The highlights of this research are as follows:(i)A new US-based fetus sex classification model, PFP-LHCINCA, that has attained excellent performance using handcrafted features is presented.(ii)The model employed a novel feature extraction architecture that deployed fixed-size patch division and average pooling, combined with shallow feature extractors LPQ and HOG to generate comprehensive multilevel features efficiently.(iii)The model accuracy rates are 88% or better when combined with five standard shallow classifiers with hyperparameters tuned using a Bayesian optimizer. Best accuracy rates are obtained with SVM and kNN classifiers (>98%).(iv)While we have used 16 × 16 fixed-size patches (inspired by vision transformers [9]) with four decomposition levels using average pooling, these parameters are modifiable. In this respect, the proposed architecture is an extendable computer vision model.(v)A hybrid feature selection function, CINCA, combining Chi2 and INCA, has been presented; it automatically selected the most informative feature vector with the lowest kNN misclassification rate derived from input feature parameters.(vi)As the feature extraction phase has adapted elements inspired by deep learning models, i.e., fixed-size patch division and average pooling-based image decomposition, and the feature selection and classification phases can execute autonomously, the model architecture can be modified into new deep learning models for training larger datasets.

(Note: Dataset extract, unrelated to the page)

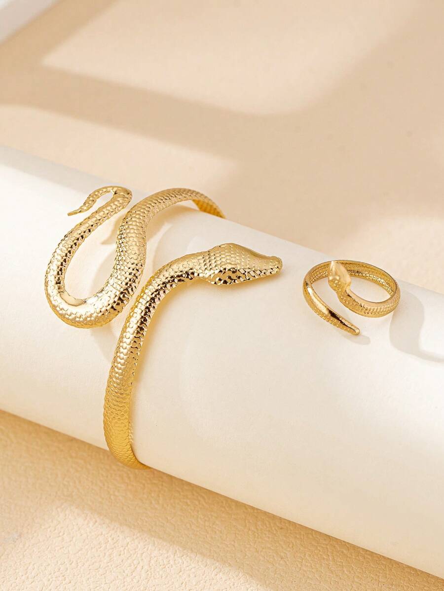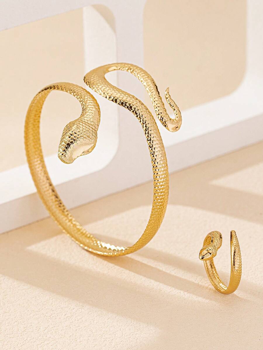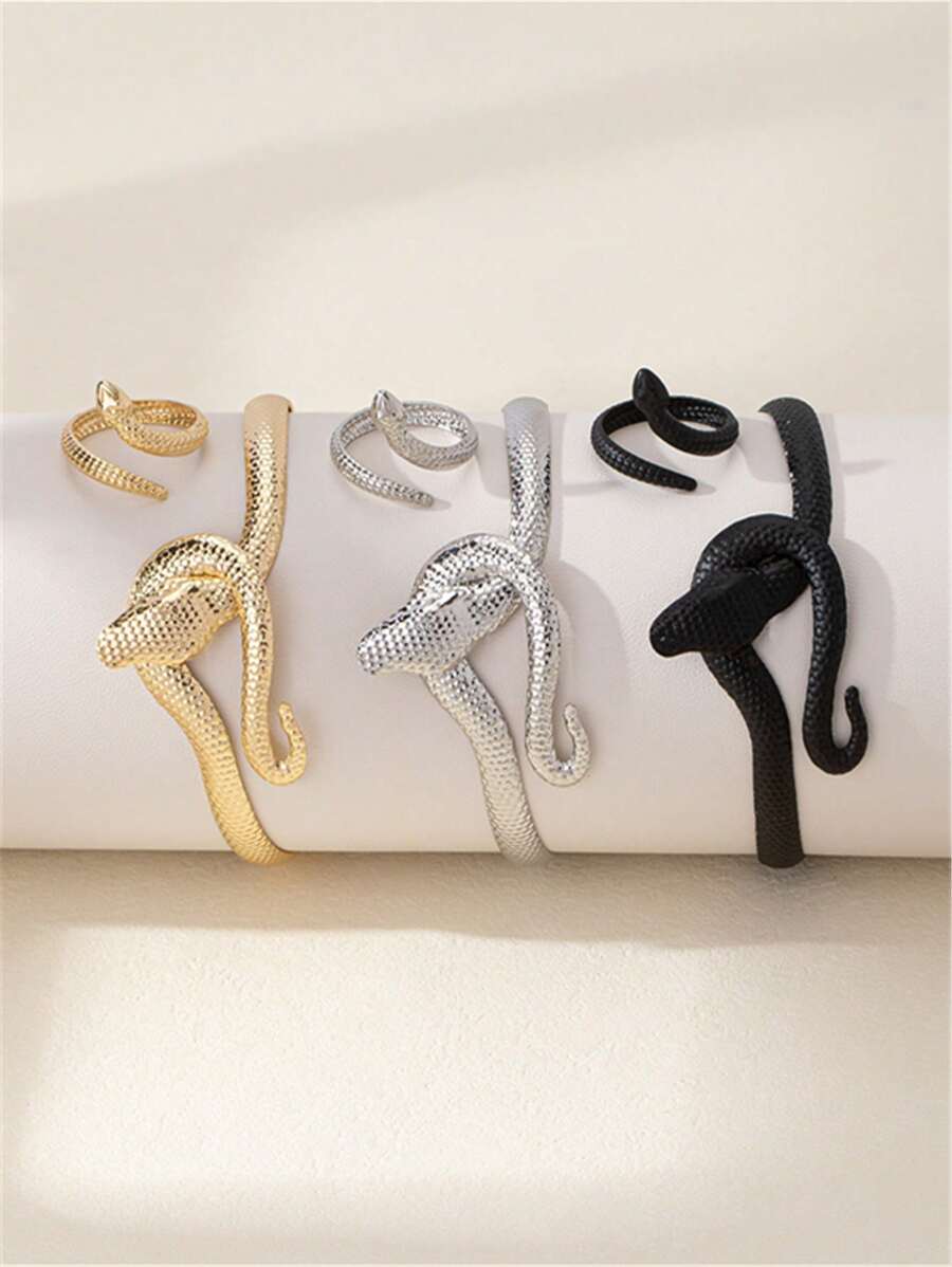 SHEIN مجموعة مجوهرات أساور وخواتم ثعبان

In the real-world applications, we can propose a new intelligent application to detect genders. Our proposed method can be applied to a big image dataset. All phases will be implemented in the training phase, and the optimized parameters will be obtained. In the testing phase, only feature extraction phase will be implemented to generate features of the testing observation. By using the calculated indices in the training phase, the features are selected, and by using the optimized parameters, classification will be conducted.

4. Conclusions

An automated US-based fetal sex classification method that has been trained and tested on a new large US image dataset is presented in this work. The novel image classification architecture deployed fixed-size patch division and average pooling-based image decomposition. This model created 341 patches, and handcrafted features were extracted from each patch using LPQ and HOG descriptors together. A hybrid CINCA function chooses the most valuable feature vectors, and the classification ability of these features is tested using five shallow classifiers. Hyperparameters of these classifiers are tuned using Bayesian optimization. The optimized kNN classifier, SVM, LD, NB, and DT attained classification accuracy of 99.11%, 98.51%, 91.21%, 89.12%, and 88.52%, respectively. Moreover, the AUC values of these classifiers on ROC analyses range from 0.88 to 0.99. SVM and kNN classifiers also attain 100% recall for detecting female fetuses. These salutary results demonstrate the feasibility and accuracy of our proposed PFP-LHCINCA model, which support its use for fetal sex classification with US images in the clinic.

We plan to acquire a larger fetal US dataset, which will allow training and testing using deep models. By training a deep learning network on the extensive ultrasound dataset, the calculated weights can be used to transfer learning and develop a new fully automated fetal sex classification application that can provide real-time online triage and alert when embedded directly on ultrasound imaging devices. Moreover, our other future intention is to develop an intelligent assistant to help operator doctors in operations.

Data Availability

The data presented in this study are available on request from the corresponding author. The data are not publicly available due to the Ethical Committee Institution restrictions.

Ethical Approval

This research was approved on ethical grounds by the Noninvasive Clinical Research Ethics Committee, Adiyaman University Ethics Board, on 14 December 2021 (2021/10-04).

Conflicts of Interest

The authors declare that there are no conflicts of interest regarding the publication of this paper.